● Stored data:
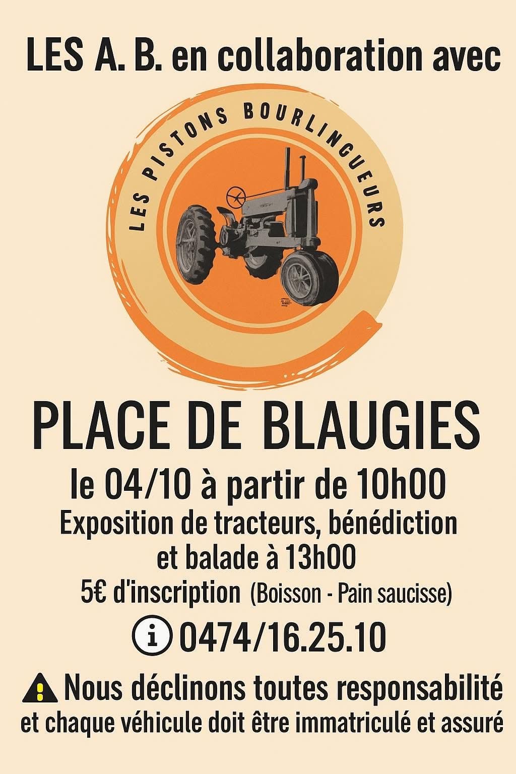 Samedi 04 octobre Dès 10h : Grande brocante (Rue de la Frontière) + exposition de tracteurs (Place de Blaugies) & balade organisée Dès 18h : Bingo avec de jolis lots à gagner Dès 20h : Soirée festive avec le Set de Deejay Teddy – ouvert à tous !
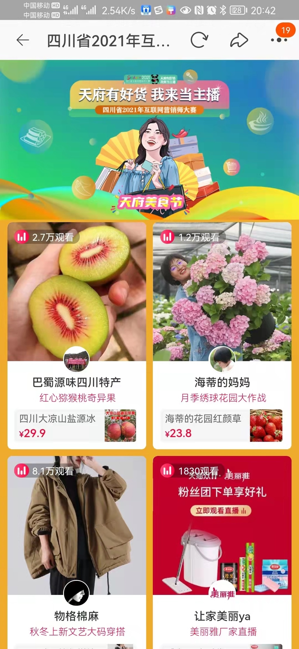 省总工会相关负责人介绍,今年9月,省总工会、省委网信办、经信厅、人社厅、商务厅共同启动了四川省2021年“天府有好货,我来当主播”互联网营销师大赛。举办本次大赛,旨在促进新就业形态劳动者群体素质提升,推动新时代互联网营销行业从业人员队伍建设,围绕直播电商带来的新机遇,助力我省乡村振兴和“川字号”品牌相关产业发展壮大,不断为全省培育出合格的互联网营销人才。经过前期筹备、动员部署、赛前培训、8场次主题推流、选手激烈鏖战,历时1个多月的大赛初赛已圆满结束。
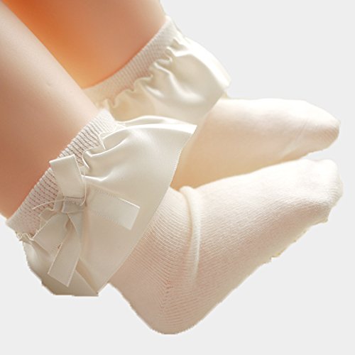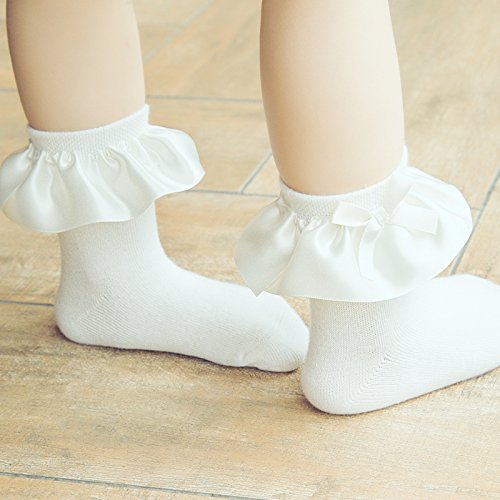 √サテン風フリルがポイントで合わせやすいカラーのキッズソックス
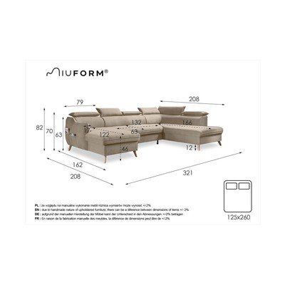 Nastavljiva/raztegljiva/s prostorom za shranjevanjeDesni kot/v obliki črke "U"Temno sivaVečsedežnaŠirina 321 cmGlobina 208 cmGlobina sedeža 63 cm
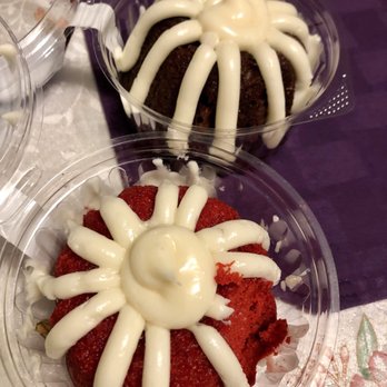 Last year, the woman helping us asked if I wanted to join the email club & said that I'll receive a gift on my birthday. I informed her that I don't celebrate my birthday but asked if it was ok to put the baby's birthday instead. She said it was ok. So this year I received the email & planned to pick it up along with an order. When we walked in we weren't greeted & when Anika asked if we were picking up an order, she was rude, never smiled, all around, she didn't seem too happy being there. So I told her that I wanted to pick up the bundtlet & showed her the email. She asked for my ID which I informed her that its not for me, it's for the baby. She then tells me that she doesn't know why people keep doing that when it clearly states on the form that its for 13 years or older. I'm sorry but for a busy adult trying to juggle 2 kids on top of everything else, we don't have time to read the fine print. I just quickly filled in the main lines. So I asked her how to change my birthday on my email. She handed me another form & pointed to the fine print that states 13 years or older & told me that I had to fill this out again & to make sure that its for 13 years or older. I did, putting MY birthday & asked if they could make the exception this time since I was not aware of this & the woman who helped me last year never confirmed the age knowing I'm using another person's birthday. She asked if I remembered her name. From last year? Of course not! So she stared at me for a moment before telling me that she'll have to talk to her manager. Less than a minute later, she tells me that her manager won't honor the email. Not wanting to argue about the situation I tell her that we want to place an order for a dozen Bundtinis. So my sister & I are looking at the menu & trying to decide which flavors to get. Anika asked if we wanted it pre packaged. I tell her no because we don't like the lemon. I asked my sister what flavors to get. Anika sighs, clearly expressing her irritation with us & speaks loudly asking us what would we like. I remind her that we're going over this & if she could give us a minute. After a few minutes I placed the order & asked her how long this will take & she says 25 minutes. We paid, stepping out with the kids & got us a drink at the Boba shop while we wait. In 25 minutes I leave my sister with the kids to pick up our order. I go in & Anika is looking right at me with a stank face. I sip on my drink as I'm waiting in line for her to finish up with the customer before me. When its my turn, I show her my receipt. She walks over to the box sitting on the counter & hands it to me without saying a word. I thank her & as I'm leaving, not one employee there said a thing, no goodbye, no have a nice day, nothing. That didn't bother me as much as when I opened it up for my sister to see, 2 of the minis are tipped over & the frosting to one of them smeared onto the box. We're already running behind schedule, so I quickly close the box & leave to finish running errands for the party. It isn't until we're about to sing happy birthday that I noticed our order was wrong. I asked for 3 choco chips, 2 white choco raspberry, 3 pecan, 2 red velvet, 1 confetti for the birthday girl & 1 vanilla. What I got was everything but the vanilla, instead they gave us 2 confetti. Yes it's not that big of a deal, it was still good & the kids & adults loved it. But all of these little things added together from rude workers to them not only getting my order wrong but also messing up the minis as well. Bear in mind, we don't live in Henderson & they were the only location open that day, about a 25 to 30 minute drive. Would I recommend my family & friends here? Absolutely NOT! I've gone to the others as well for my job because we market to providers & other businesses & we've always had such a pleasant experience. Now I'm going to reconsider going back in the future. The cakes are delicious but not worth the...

● What the task requires: Each line above from the one containing "省总工会相关负责人介绍,今年" through the one containing "Nastavljiva/raztegljiva/s prostorom za" is to be returned verbatim. Nothing else, and no pictures.

● Answer area:
 省总工会相关负责人介绍,今年9月,省总工会、省委网信办、经信厅、人社厅、商务厅共同启动了四川省2021年“天府有好货,我来当主播”互联网营销师大赛。举办本次大赛,旨在促进新就业形态劳动者群体素质提升,推动新时代互联网营销行业从业人员队伍建设,围绕直播电商带来的新机遇,助力我省乡村振兴和“川字号”品牌相关产业发展壮大,不断为全省培育出合格的互联网营销人才。经过前期筹备、动员部署、赛前培训、8场次主题推流、选手激烈鏖战,历时1个多月的大赛初赛已圆满结束。
 √サテン風フリルがポイントで合わせやすいカラーのキッズソックス
 Nastavljiva/raztegljiva/s prostorom za shranjevanjeDesni kot/v obliki črke "U"Temno sivaVečsedežnaŠirina 321 cmGlobina 208 cmGlobina sedeža 63 cm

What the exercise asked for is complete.